Es, en cuanto acto cognitivo, análisis y síntesis y en cuanto
acto epistémico, construcción de teorías e incluso elaboración
de nuevas ciencias.
Como producto
social e histórico es una realidad a sustanciar concretamente,
ya que hay que delimitar en tiempos y espacios específicos
la propia comprensión para ver qué es lo que se comprende
y cómo se lo comprende, por la existencia de los márgenes
de azar y de imponderabilidad que de pronto le hacen malas
jugadas a la comprensión.
De aquí
que sea importante que la comprensión (el ser humano que
comprende) se autocontrole en sus logros, revise sus conclusiones
y retorne a la descripción para observar qué es lo comprendido
y cómo es que se lo ha entendido, pues la inteligencia de
la que hablamos no es la empática del amor, o la poética
de los artistas, sino la racional de los científicos y los
sistematizadores y esto conlleva un permanente autocontrol
para medir los grados de avance de la importancia conseguida.
Si esto
se hace se tendrá un conocimiento diferenciado (una conciencia)
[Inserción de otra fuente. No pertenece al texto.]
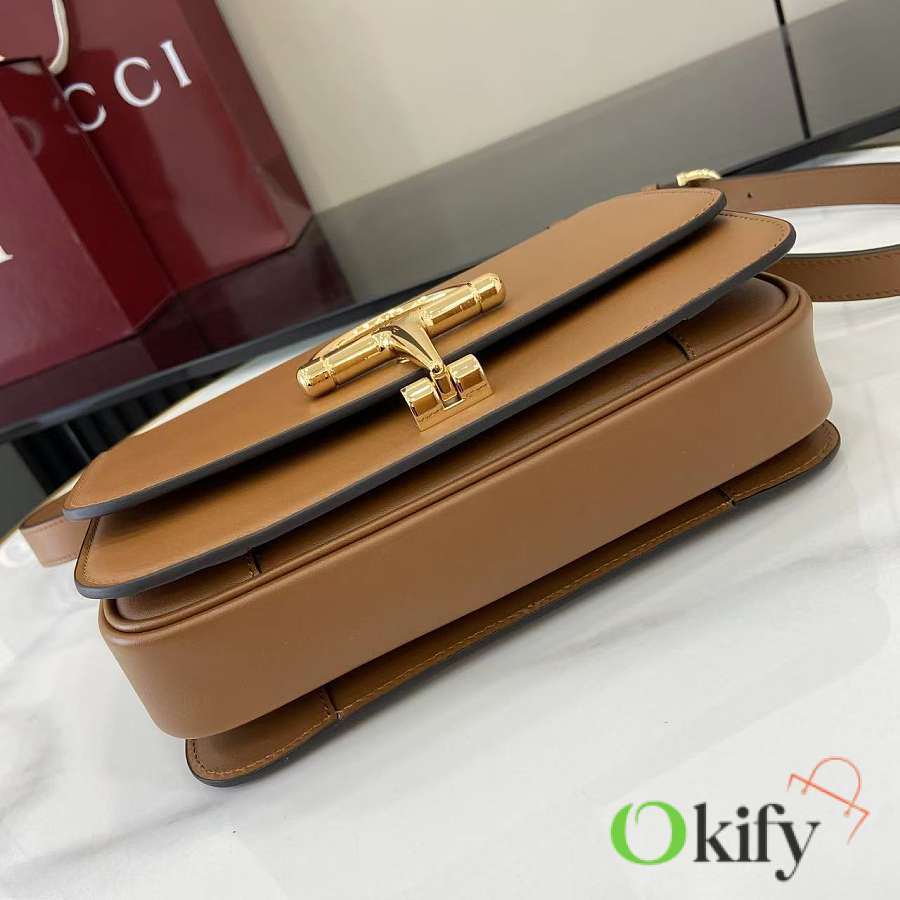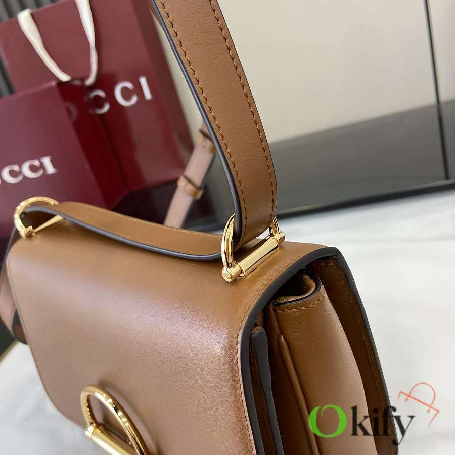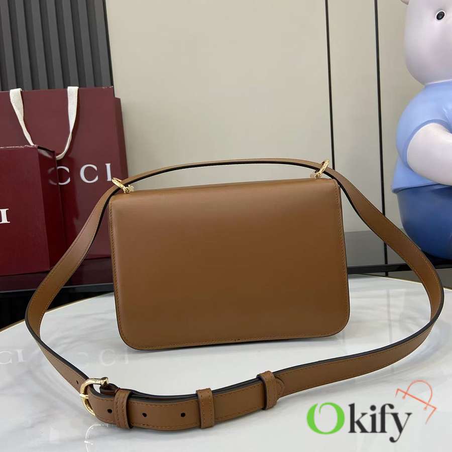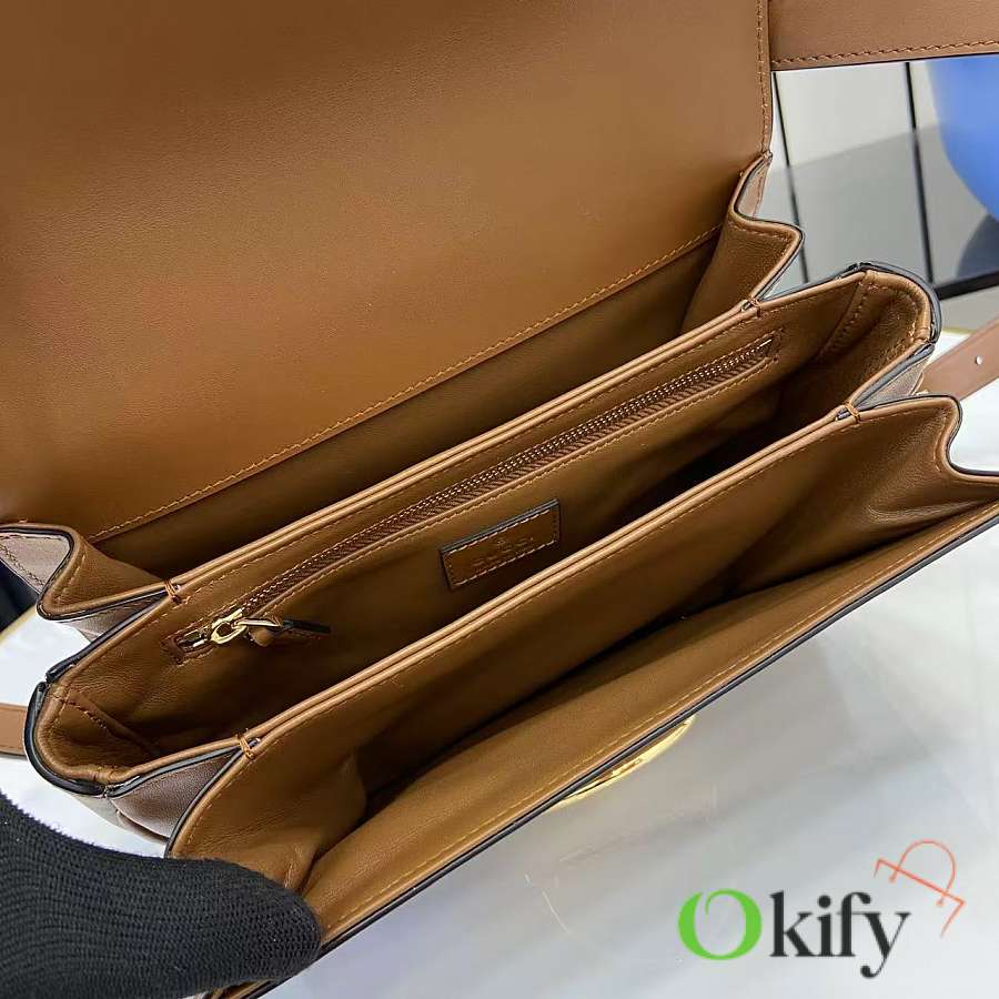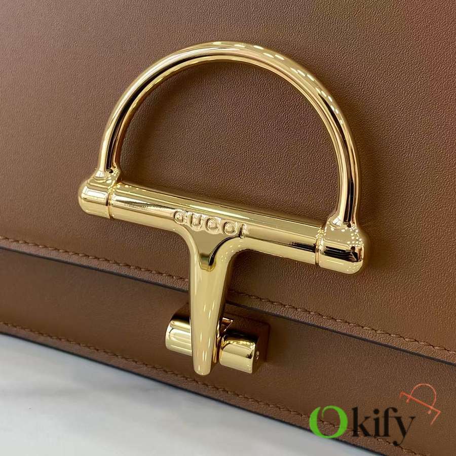 The Gucci Siena series offers a fresh interpretation of the brand's classic horsebit element, creating a captivating handbag piece. This shoulder bag is crafted from fine, smooth leather, its structured shape incorporating details from the half-horsebit clasp design originating from the 1970s. Brown smooth leather Gold-tone hardware Brown leather lining Interior: 3 compartments and 1 zip pocket Shoulder strap: Height: 23cm–25cm; Length: 127cm Half-horsebit snap closure Model: 846705. Dimensions: 22.5cm (W) x 14cm (H) x 8cm (D) Weight: Approx. 0.7kg Color: Brown/Full leather.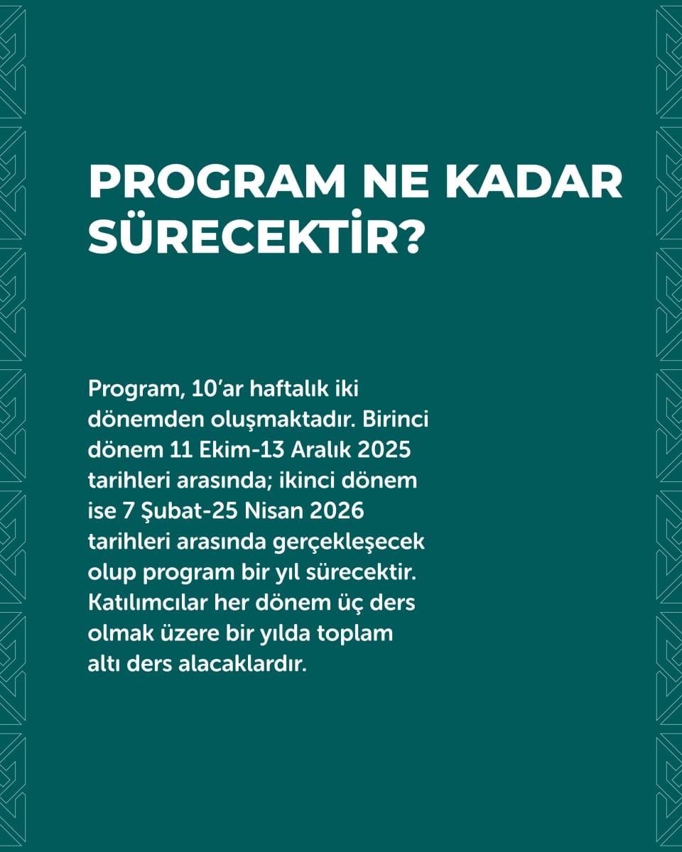 ● Program 11 Ekim 2025 tarihinde başlayıp 25 Nisan 2026’da bitecek ve 1 yıl sürecektir.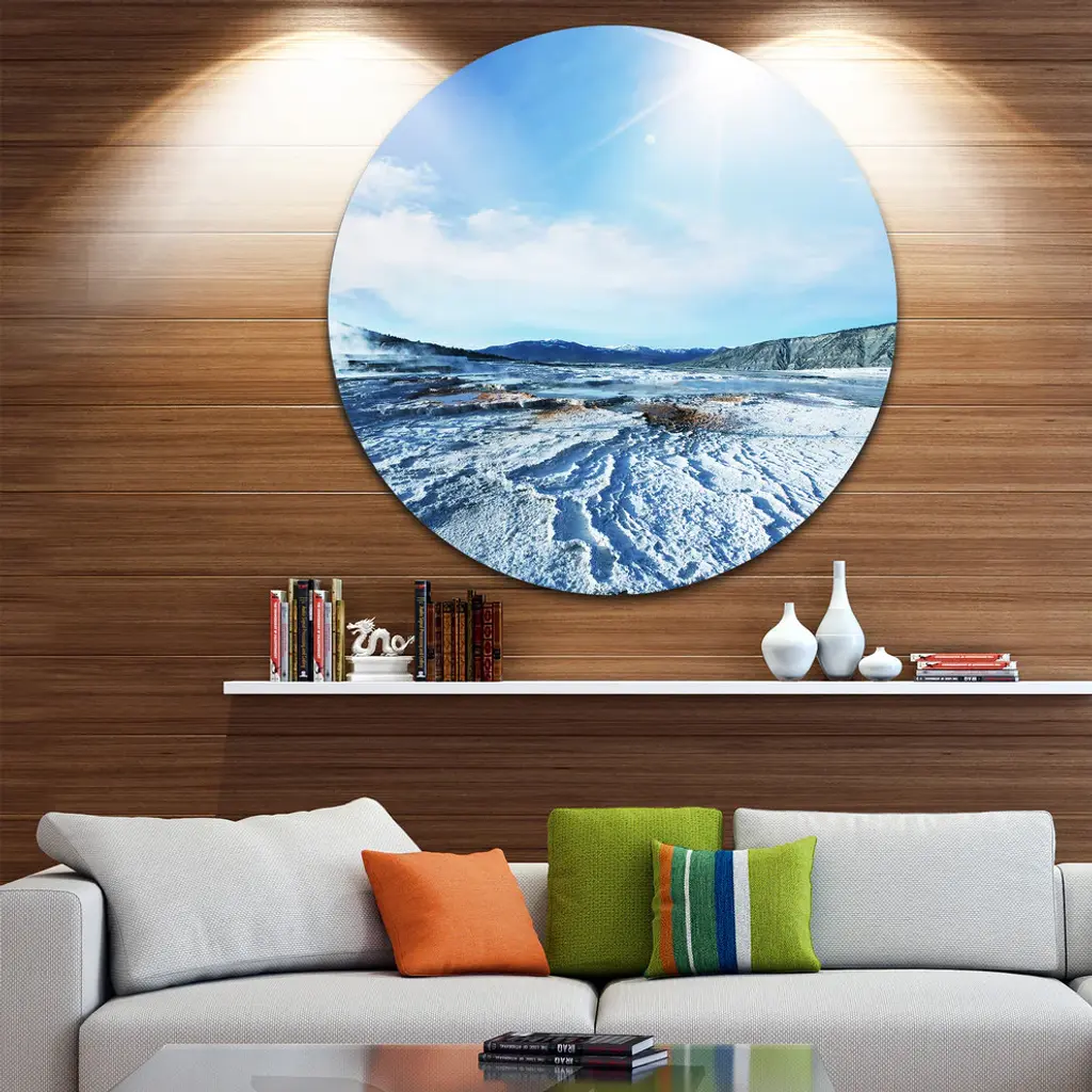 Bring Contemporary Abstraction to your home with this large Circle Metal wall art. This Hot Sprint under Bright Sunlight Metal Artwork makes it the focal point of any room or office. - White Gloss Coating ensures colors are extra vibrant with light reflection.- Aluminum grade Sheet Metal with 1 inch mounting frame on the back giving the illusion that the artwork is floating on the wall..- Mounting Brackets are included along with instructions.- High Quality Digital images are created directly into a glossy aluminum panel producing a stunning and captivating print into the glossy finish of the metal.- Water, Fire and Scratch resistant HD Aluminum panels.- Looks better than any photo paper and guaranteed to last at least 20 years- Easy to clean with a microfiber cloth. Colors are far superior to regular Canvas Art. - Easy to Hang

de los universos estudiados, sus complejidades, interacciones,
contextuaciones y substanciaciones y se podrá valorar el
conocimiento que se tiene.
La valoración
como momento intelectual es el tiempo reflexivo en el cual
establecemos preferencias subjetivas; nos orientamos en
nuestra comprensión (del objeto que nos ocupa), establecemos
niveles de importancia o jerarquías cognitivas y finalmente
aceptamos o rechazamos las descripciones y las comprensiones
que hemos efectuado sobre el objeto que concentra nuestra
atención.
Al conocer
siempre valoramos aunque esta ponderación sea automática
como lo es en los mecanismos propios del pensamiento cotidiano,
o diferenciada y mediata como ocurre en el pensar sistemático,
racional o científico.
En el conocer
cotidiano valoramos, si bien esta calificación no pasa por
nuestra conciencia (o es tan rápida que no la registramos),
y en el conocimiento científico con mayor razón pues está
dirigido al género humano y al interés común o social, aun
cuando sea con los signos negativos del interés particular.
El conocimiento
humano jamás es neutral, desinteresado o inocuo y siempre
encierra un valor, a pesar de que sea diferente a los valores
de la economía y se distinga por su sustancia moral o sensible,
estética. Esta condición axiológica del pensar hace que
la valoración sea un componente sustancial del acto cognitivo
y produce que en el método de pensamiento llamado racional
sea el tiempo cognitivo más complejo, ya que podemos haber
descrito un universo y logramos haberlo comprendido o inteligido
en su composición real, pero no quedaremos satisfechos de
nuestro conocimiento sino hasta que hagamos sobre nuestro
trabajo una atribución de valor: ¡Qué bien lo hice! ¡Cuánto
falta todavía! etcétera.
De hecho,
siempre lo hacemos y por ello es más conveniente ser conscientes
de nuestra actividad (axiológica) que inconscientes de ella.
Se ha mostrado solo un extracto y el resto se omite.